I fili della storia ondeggiano tra il pubblico e il privato: da una parte la depressione e l’isolamento, dall’altro una società distratta e la capacità del potere di sfruttare qualsiasi occasione per creare propaganda. La relazione tra evento e personaggio fa da cornice e serve a dare forma narrativa al più ampio progetto di Bodea, che ci spiega: «il libro si basa sulla mia pratica di prendere appunti disegnati per strada. Sono delle scene compresse, come delle vignette. Hesus è nato dal desiderio di portare in un mondo diverso questi dettagli che ho osservato, in un luogo dove diventano assolutamente necessari perché sull’orlo dell’estinzione.» L’autrice dunque attinge alle sue numerosissime Visual notes, ne seleziona una cinquantina e le inserisce all’interno del fumetto.
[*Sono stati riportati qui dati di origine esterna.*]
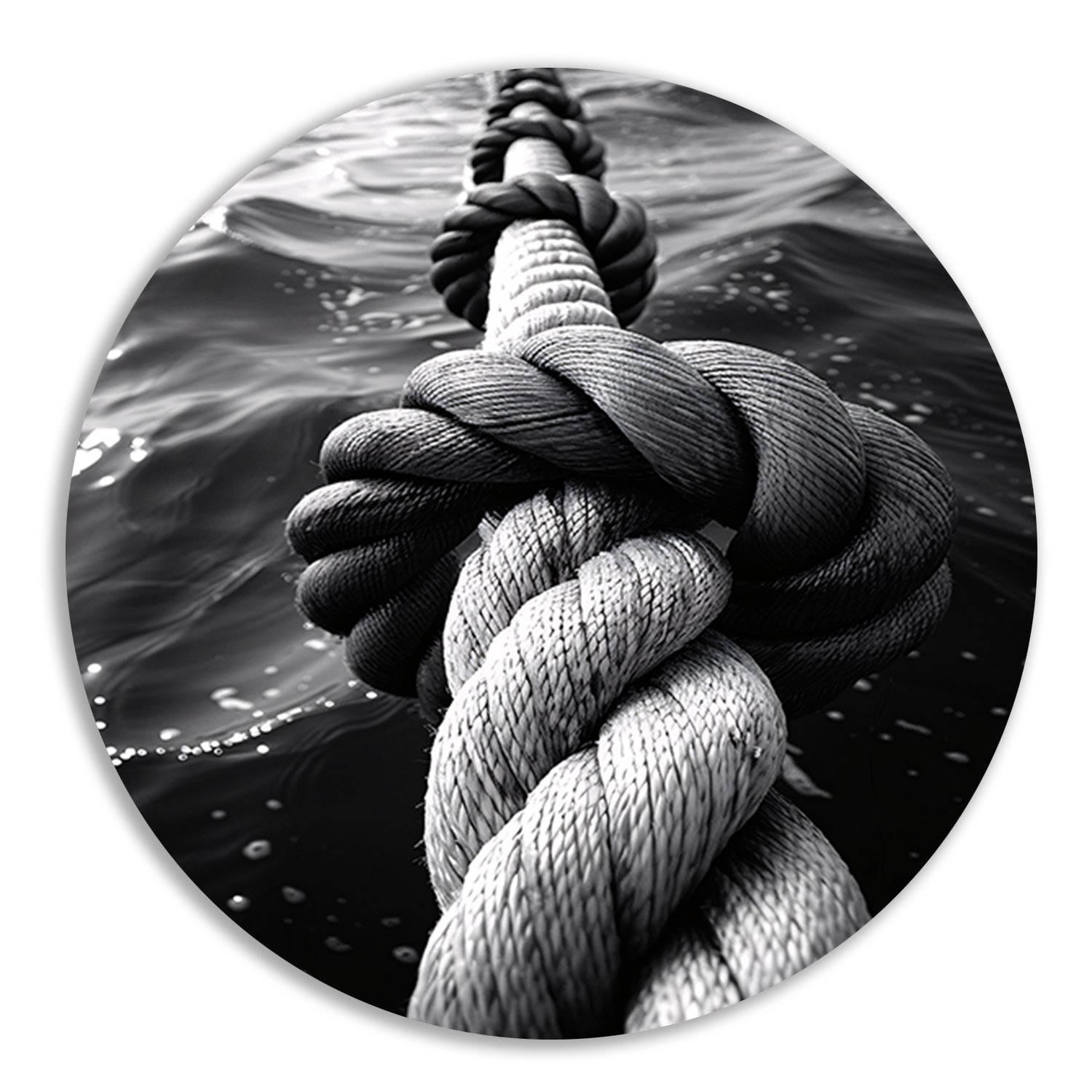 Zwart-wit foto van verweven touw in water aluminium muurcirkel

Per quanto l’immagine di qualcuno che gira la città e prende appunti faccia pensare alla pratica giornalistica, quella di Bodea è un’estetica che rifugge l’oggettività, rivendicando anzi lo spazio del sentimento: attraverso il disegno, continua l’autrice, «posso mostrare non solo quello che vedo, ma anche quello che penso di quello che vedo.» Il tratto non mente, non è fotografico né realista, ma umoristico: «è una testimonianza, ma con licenza poetica. Abbiamo bisogno di fatti nudi e verità documentarie, ma dobbiamo anche essere consapevoli degli artifici e dei trucchi della realtà.»

The fact finder è il titolo del libro, del blog tenuto da Hesus e Alois, del profilo Instagram dell’autrice, del suo progetto espositivo: non c’è soluzione di continuità tra gli appunti e il fumetto. Nelle Visual notes dell’autrice ogni immagine isola un particolare che corrisponde a una storia da raccontare; allo stesso modo, ogni volta che rivela un Intrux Hesus racconta un aneddoto: diverse narrazioni minori si aggiungono così al racconto dell’evento storico e della condizione esistenziale del protagonista. In questo modo, Bodea costruisce la storia per quadretti che spesso ricordano la struttura della striscia comica.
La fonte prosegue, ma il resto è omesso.